↓

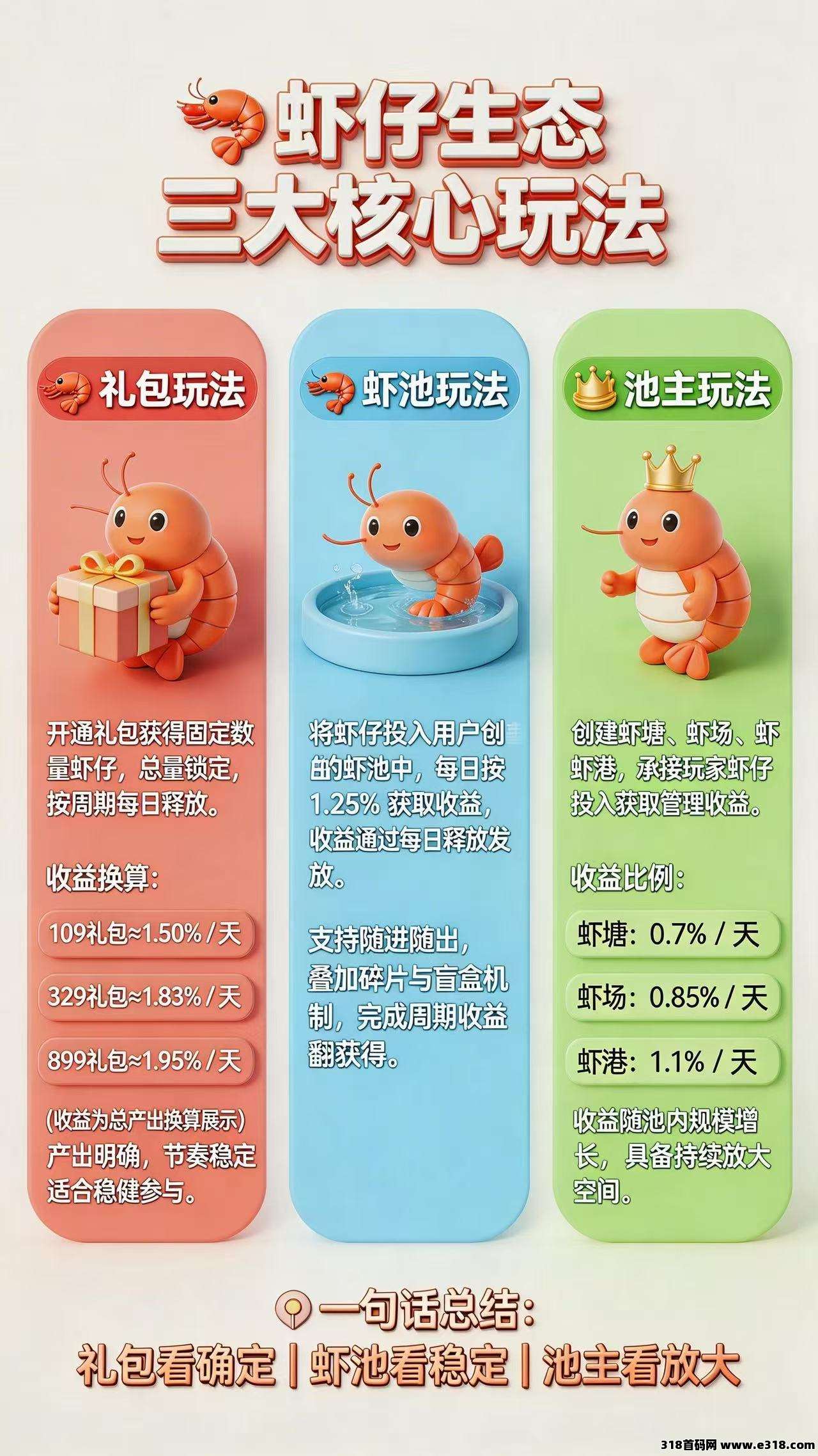 虾仔生态,是一套围绕资产流通、收益增长与价值放大构建的全新生态模型。
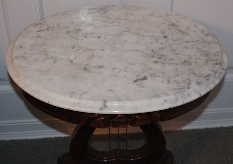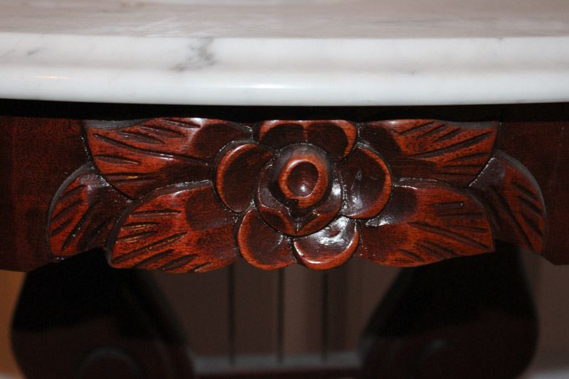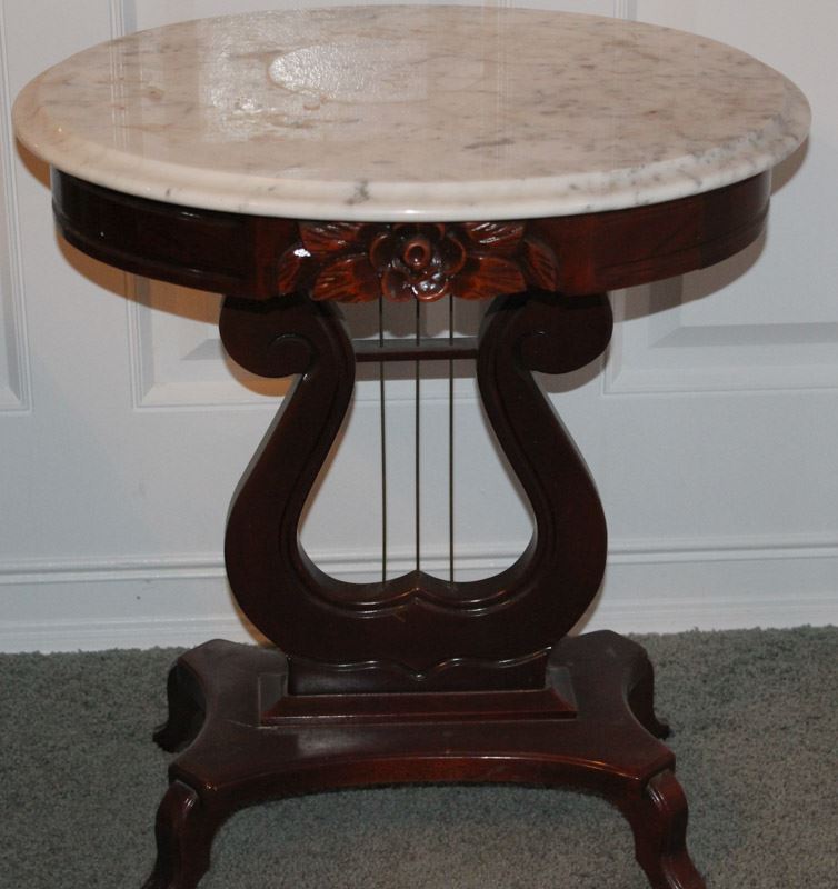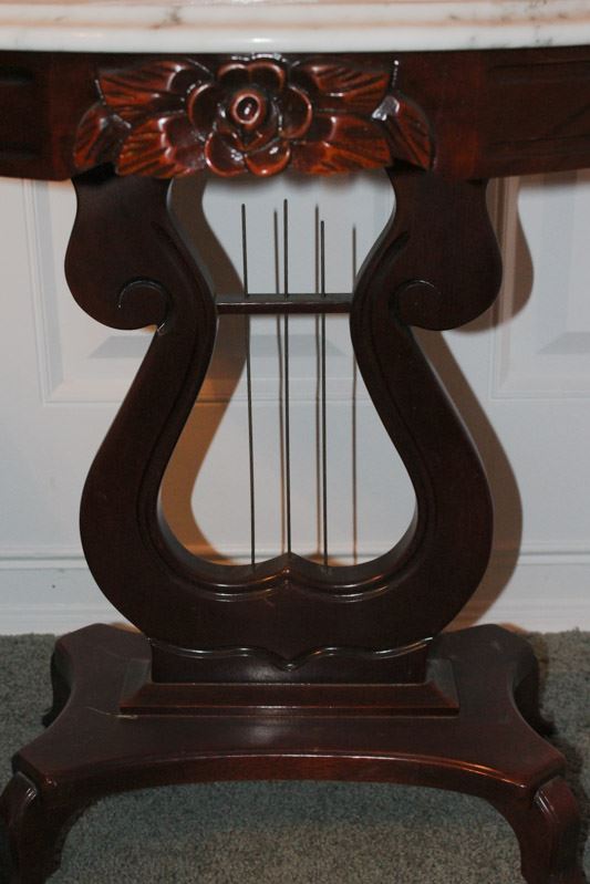 MAHOGANY LYRE BASED TABLE WITH MARBLE TOP
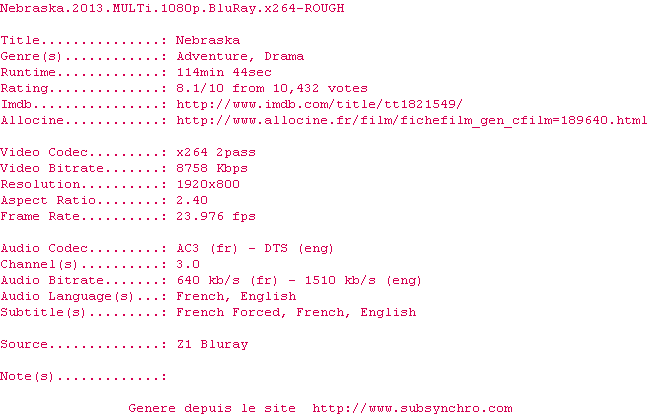 Voir le nfo de la release Havoc.2005.1080p.BluRay.x264-WoAT
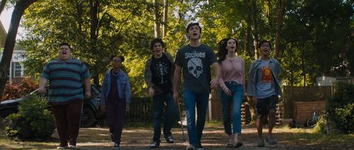 值得留意孩子们的衣服,比利的衣服上印着**《七宝奇谋》(The Goonies)**的图案,这部影片讲的是几个小孩的冒险故事,导演是执导里夫版《超人》的理查德·唐纳,当年主演的小孩中有“灭霸”乔什·布洛林和新晋奥斯卡最佳男配角关继威。
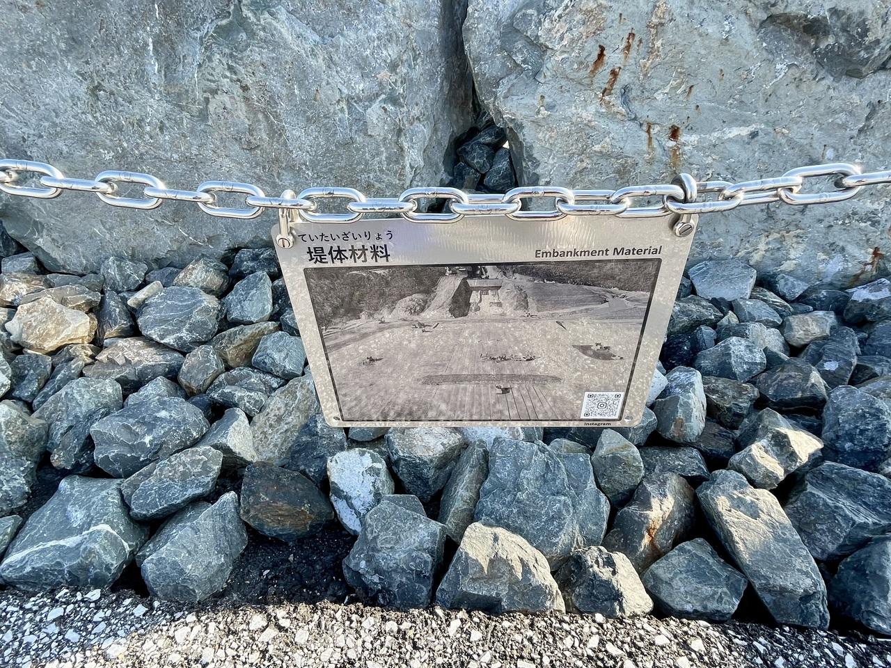 ダム堤体の一番外側を覆うように施工された巨石(ロック材)は、リップラップと呼ばれ、ダムの表面を保護する役割を持っています。

↑

Exercise brief: Output the material above exactly, without pictures.

Response area:
 虾仔生态,是一套围绕资产流通、收益增长与价值放大构建的全新生态模型。
 MAHOGANY LYRE BASED TABLE WITH MARBLE TOP
 Voir le nfo de la release Havoc.2005.1080p.BluRay.x264-WoAT
 值得留意孩子们的衣服,比利的衣服上印着**《七宝奇谋》(The Goonies)**的图案,这部影片讲的是几个小孩的冒险故事,导演是执导里夫版《超人》的理查德·唐纳,当年主演的小孩中有“灭霸”乔什·布洛林和新晋奥斯卡最佳男配角关继威。
 ダム堤体の一番外側を覆うように施工された巨石(ロック材)は、リップラップと呼ばれ、ダムの表面を保護する役割を持っています。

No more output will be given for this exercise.